No Joke; Obama Issues 2nd Open Govt. National Action Plan
It may seem like a cheap prank but the Obama administration, which has proven to be among the most secretive, has actually issued its second “Open Government National Action Plan” that promises to build on (delusional) “past successes.”
Even the president’s many friends and supporters in the mainstream media have conceded that government secrecy has actually increased significantly since he moved into the White House, despite promises of an “unprecedented level of openness in government.” Instead, federal agencies have found creative excuses to keep an alarming number of public records secret, according to an analysis conducted several years ago by a national news organization.
The problem has only gotten worse over the years, according to a number of reports and probes. Just a few months ago a national news conglomerate reported that the administration even uses covert government accounts to keep electronic mail from becoming public. When the news outlet tried accessing records of the illegal secret accounts, one federal agency, the Department of Labor (DOL) tried collecting north of $1 million for its list of email addresses by claiming it had to pay 50 people to work three weeks retrieving the records.
Judicial Watch encounters these sorts of obstacles regularly in its never-ending work exposing government corruption, which goes hand in hand with secrecy and often forces litigation. The Obama administration has kept JW quite busy and in court often. How bad is the problem? A few years ago JW President Tom Fitton told Congress how, under Obama, government agencies have actually created additional hurdles and stonewalled even the most basic Freedom of Information Act (FOIA) requests. “The Bush administration was tough and tricky, but the Obama administration is tougher and trickier,” Fitton told lawmakers. Fitton testified before the House and Senate during “Sunshine Week,” a national initiative by the news media, nonprofits and other organizations to promote government transparency.
The administration’s new action plan is a sequel to a 2011 initiative that it claims set “26 commitments” that have already “increased public integrity, enhanced public access to information, improved management of public resources and given the public a more active voice in the U.S. Government’s policymaking process.” The new model will ambitiously modernize the administration of FOIA and significantly expand open data initiatives across the federal government to increase transparency.

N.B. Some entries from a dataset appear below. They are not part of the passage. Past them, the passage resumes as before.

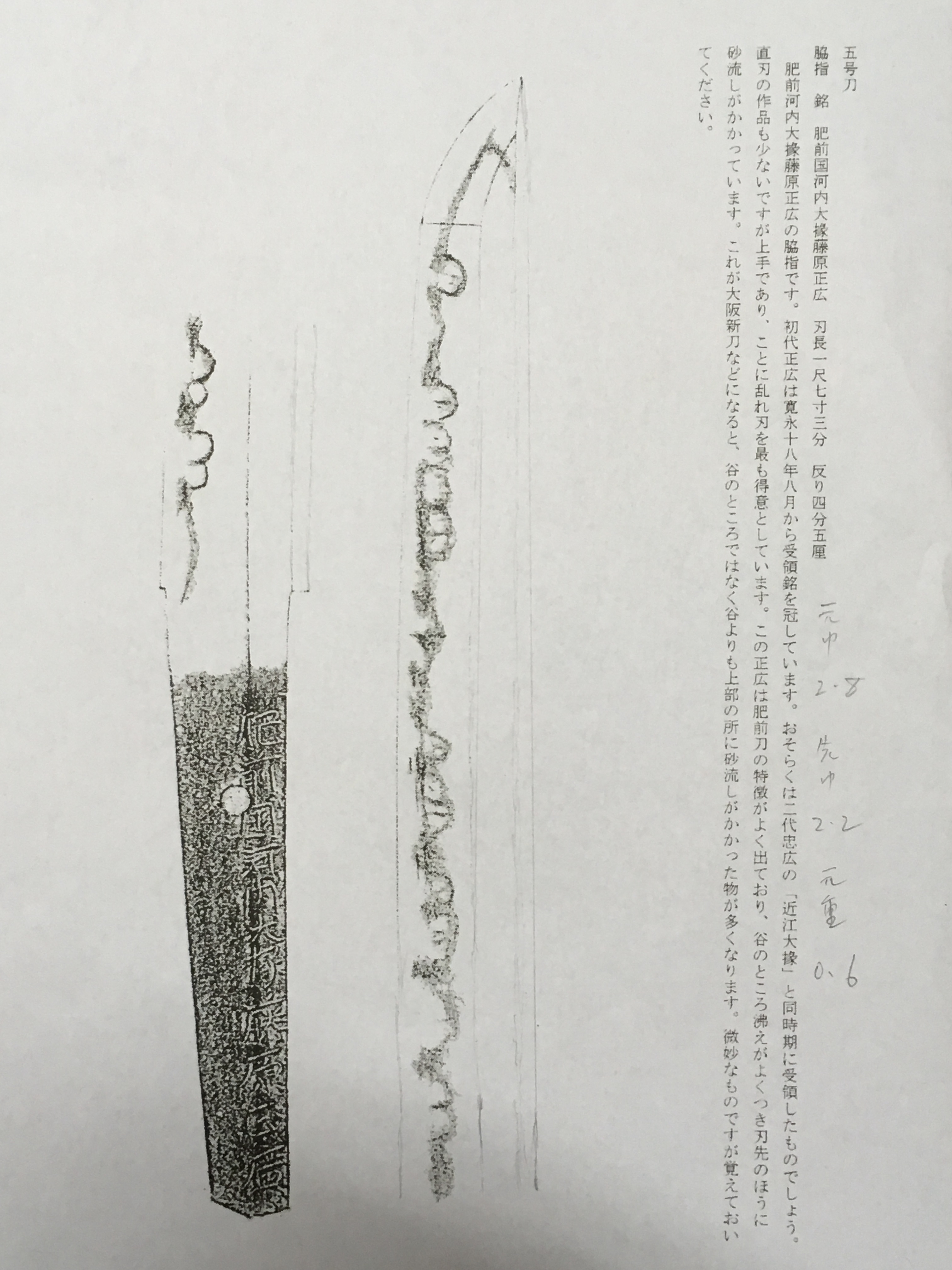 2号刀 脇指 銘 肥前國河内大掾藤原正廣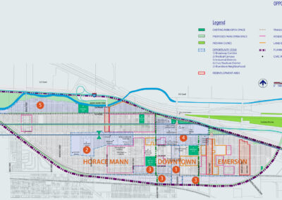 Gary’s Livable Center Plan 2025 aims to integrate transportation, land use, environment and economic development. The Arsh Group led a planning process to revitalize three central neighborhoods in Gary: Downtown, Emerson, and Horace Mann. The plan identified opportunities and established a series of strategies to address the needs. Proposed revitalization strategies centered on several “opportunity zones” for each neighborhood all aimed to meet the goals of the plan. These consisted of TID District around South Shore station, Civic District, with ample walkable facilities connecting a Civic Center to Railcat Stadium, and Medical District with it own walkable health based campus. Neighborhood preservation and stabilization strategies were also identified as a part of the plan.
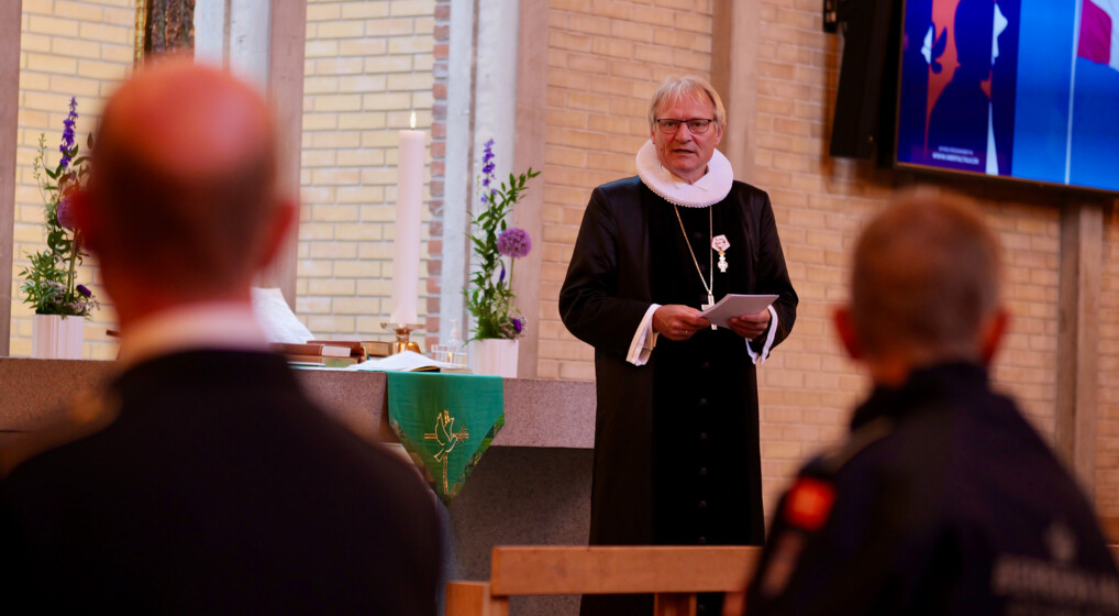 Biskop Henrik Stubkjær holder prædiken ved flagdagen i Fredens kirke. Foto: Henrik Helms.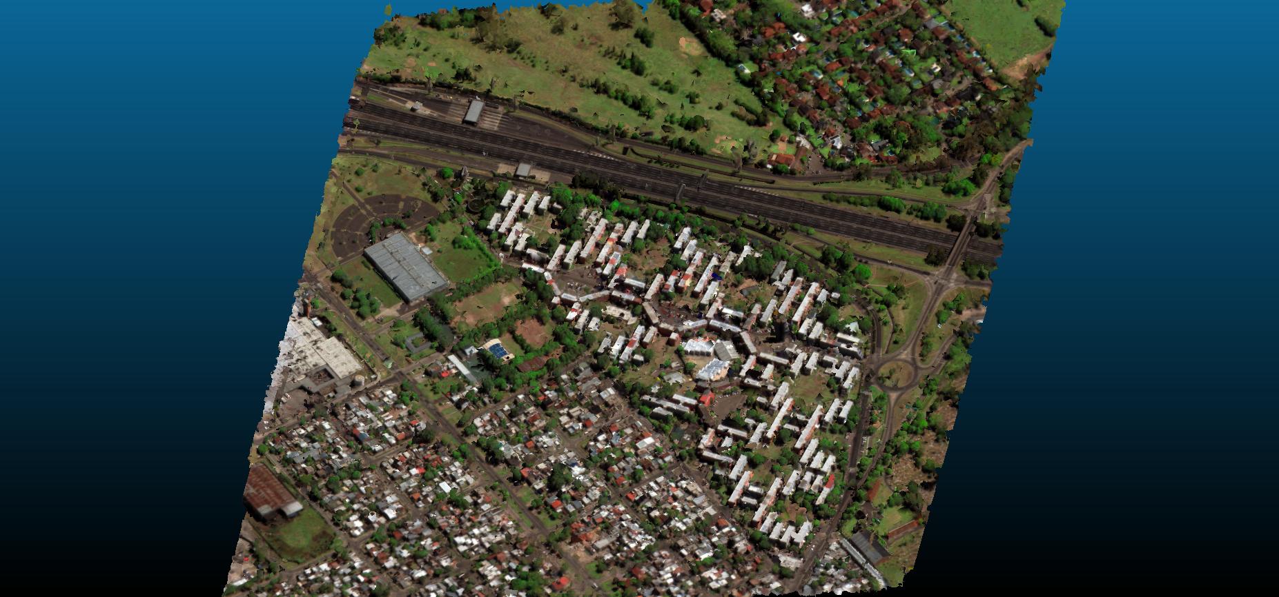 Here, a final textured mesh using the the different pipeline components of MVE except of the Structure from Motion and the Depth Map computation (for both steps it is necessary to use this Colmap fork to address specific properties of satellite images).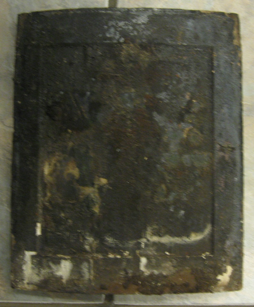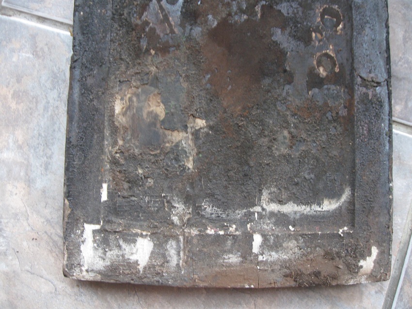 Икона вся темная,кое-где вспученная,но где-то просматриваются изображения.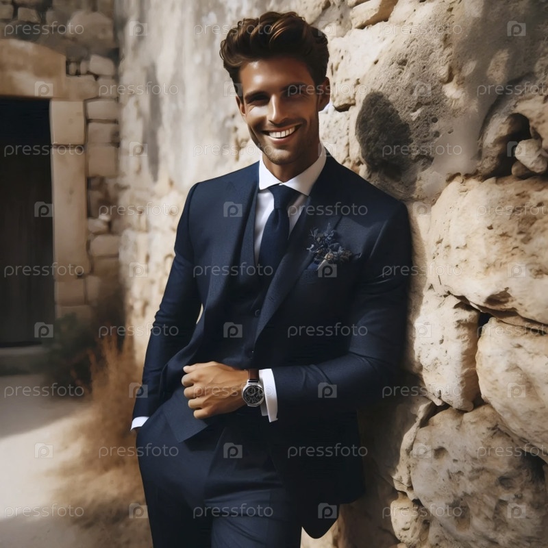 Смелый голубой свадебный костюм против деревенской стены, Ai generated image
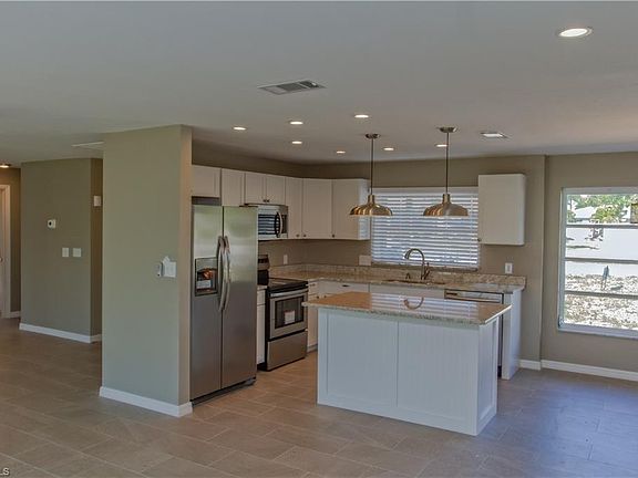 Beautifully Renovated 3 bedroom, 2 bathroom, 1 car attached garage home. This 1,544 sq ft home features an open floor plan with all NEW Island Kitchen with Granite Countertops, Beautiful white cabinets and Stainless Steel appliances. New flooring, tile in foyer, great room, kitchen, dining area, hallways and baths. New Carpet in all three bedrooms. New bathrooms with New vanities, faucets, toilets and tiled shower/tub combo. New 2018 A/C system, New ceiling fans with remotes and New light fixtures Inside and out, New Interior doors throughout including closet doors, New baseboards and New window blinds throughout. Freshly painted inside and out, New landscaping and New Garage door. Laundry in garage with Washer & Dryer and Laundry tub. Rear screened lanai and room to add a pool. Great SE location, just off Palm Tree Blvd convenient to Downtown Cape Coral, shopping, dining, Cape Coral Yacht Club and Beach and easy access to Ft Myers. On City Utilities, All Assessments In and Paid! Come check out this beauty today!

This is laughable considering the administration’s history of secrecy without accountability. Just a few weeks ago Judicial Watch reported on the failures of an agency created by Congress to promote government transparency. Known as the Office of Government Information Services (OGIS), it’s supposed to facilitate the treacherous process of obtaining public records by serving as an objective ombudsman that forces federal agencies to comply with FOIA disputes. Though Congress has given it $1 million, it’s failed miserably to fulfill this mission, proving the Obama administration is anything but transparent.